Guest Post: Is Being Yourself The Enemy Of Growth? by Kegomoditswe Magobe
Photo Cred: Stage 2 Planning
“Always be yourself, unless you suck” said Joss Whedon, an American screenwriter, film and television director, who co-wrote the Pixar film ‘Toy Story’. When I was doing some personal research on relationships in 2015, I realised that I did not know as much as I thought I did about interacting with the opposite sex. The idea was to equip myself with conversational and body language skills, thus in essence with the aim to improve myself, I was changing. What I was doing was against conventional dating advice to just be myself and be confident. Yes, but being myself was not working so well, because I was struggling to develop promising friendships with males and the advice that I was getting wasn’t really helping me. So could Whedon be correct, “Always be yourself, unless you suck.”?

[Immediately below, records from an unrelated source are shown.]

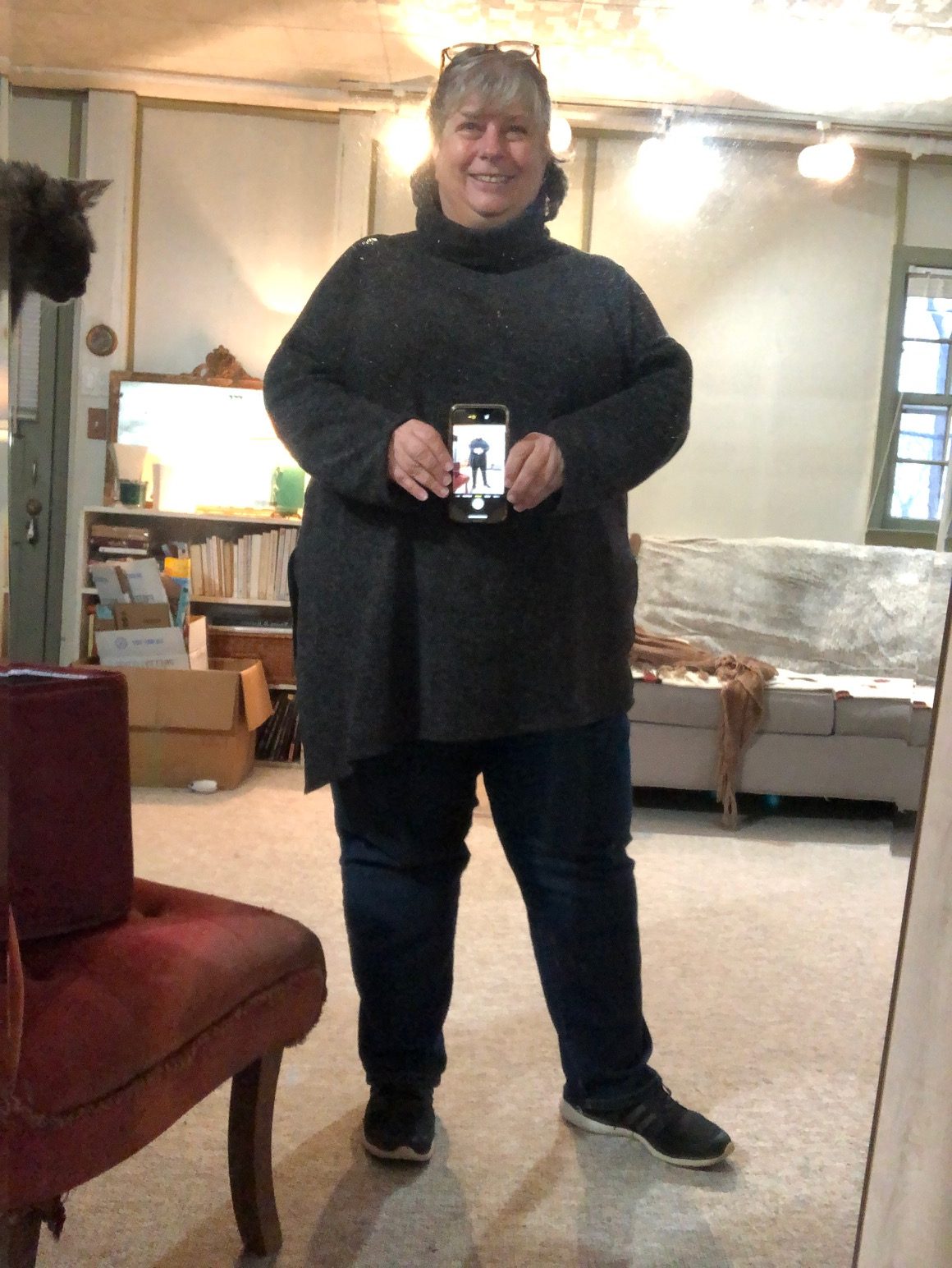 Schlubby Day Two. It’s not super cold right now, but it still feels nice to be cozy. Plus, doesn’t my head look big here? Ha ha. I have the hardest time with cellphone selfies. They’re so distorting.
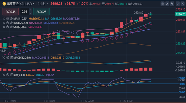 (美黄金04,5055.7,1.35%,模拟交易)交投于2688
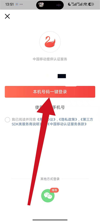 4、若选择本机号码一键登录,勾选相关协议后,完成本机号码的验证登录。
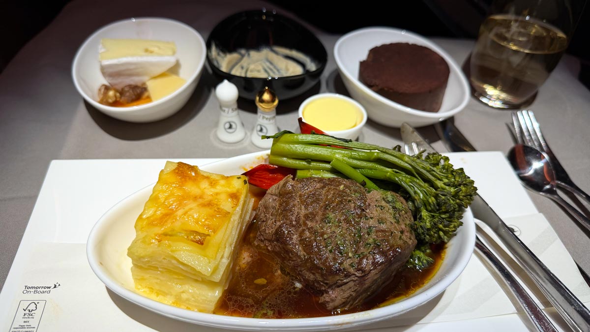 My final leg to London was much shorter. Business Class was just over half full, so the crew, on a much tighter service schedule, could afford to be more attentive, which they were.

What does it really mean to be yourself and to be authentic? If people really knew everything about you, and I mean everything – every good and nasty thought, habit and character trait – I would imagine that for instance the divorce rate would probably increase. Secondly, we cannot deny that we are influenced by our surroundings to a large extent. Our culture; religion; lifestyle; even our preferences in food, music and clothes are taught to us and acquired. In my personal opinion, I have even noticed that due to the increased popularity of stand-up comedy in the last 10 years, teenagers and young adults tend to have the same type of playful, insult-humour with a dash of sarcasm and innuendos. Therefore, (with strict interpretation) being authentic cannot completely be about being original, because there is usually nothing new under the sun – whatever you do has probably been done before or whoever you become has been.
In my view, being yourself is about freedom – having the freedom to choose who you want to be and living out that choice. For example, if there are ten people you know and you like a trait from all of them, if you copy each trait and incorporate it in your life, then you are being yourself. So remember, it’s not necessarily about being original but it’s about the liberty to choose. To a certain extent that is what my religion encourages: freely select to simulate the good characteristics of the Creator until they eventually become your own natural impulses.
So what is the point of this article? Well, I have a slight problem with the notion or belief that there is complete virtue in being yourself. For example, check out this quote by anonymous, “To be beautiful means to be yourself. You don’t need to be accepted by others. You need to accept yourself.” Think about it, this suggests that it does not matter what others think of who you are or what the consequences of your actions may be, as long as you are being yourself and think (or ‘feel’) it is right, then its fine. This is also known as Moral Subjectivism.
Now, do we really believe this? I doubt it – well not fully. So I’m going to borrow a view from Utilitarianism, where right and wrong is determined by the overall goodness (utility) of the consequences of the action. Thus for instance, if a person’s true self is being a serial killer and deriving pleasure from seeing the death of other people, then the “being myself” excuse will not cut it in court. Granted, I am using an extreme example, but I have to in order to bring across the following principle: if you think yourself to be perfect you will never improve, and that is kind of what a lot of these “be yourself’ advocates are trying to allude – that you are fine just the way you are.
No, you are probably not; and if you know yourself to not be perfect, and do not want to improve, then that is just sad. Fine, I am not a philosopher who can adequately expound on the different systems of morality to determine what is right or wrong, and even though I am clearly not a fan of moral subjectivism, I do believe that you should overall love yourself because you are human and every human being deserves love. However you are not expected to love or approve every single “bad” or “unproductive” character trait, and thus persisting with such on the basis that you are “being yourself” can definitely be the enemy of growth.
In view of the above, I am not saying that you should be a relentless people-pleaser, or a self-help junkie that reads all the books and goes to every seminar but never becomes better. What I am saying is that you should not be too proud to learn from others and apply it – these are the winners in life (and in dating as I hear… lol). Being yourself and the current version of you is not always worth it, and I am assuming that we all want to be “great”. So continue to be a free and honest person – be yourself, but let it be your better self (Karl G. Maeser). The better self that considers the consequences of their actions and always desires to improve. The better self that treats other people the way that they want to be treated; and if you believe in a Creator, the better self that adheres to its guidance for your good and the greater good of the people around you. Therefore I agree with Whedon and I will conclude with his words, “Always be yourself, unless you suck.”
Kego is a sister-friend of mine from Sandton SDA Church in Johannesburg. She is in her late twenties and grew up in Roodepoort, in the West Rand of Joburg. She has been a Christian all her life and is from a conservative Christian family – she grew up watching her mother preach.
An SDA singing group came to her church and that is how she was introduced to the Sabbath – by becoming friends with the members of this singing group. She joined the SDA Church in high school and got baptised, and has been an Adventist for just over 10 years now.
Kego is also a University of Johannesburg alumni and a semi-colporteur. She is an aspiring writer and preacher, and she is growing her personal ministry little by little. Kego is an introvert who is trying to be a people’s person.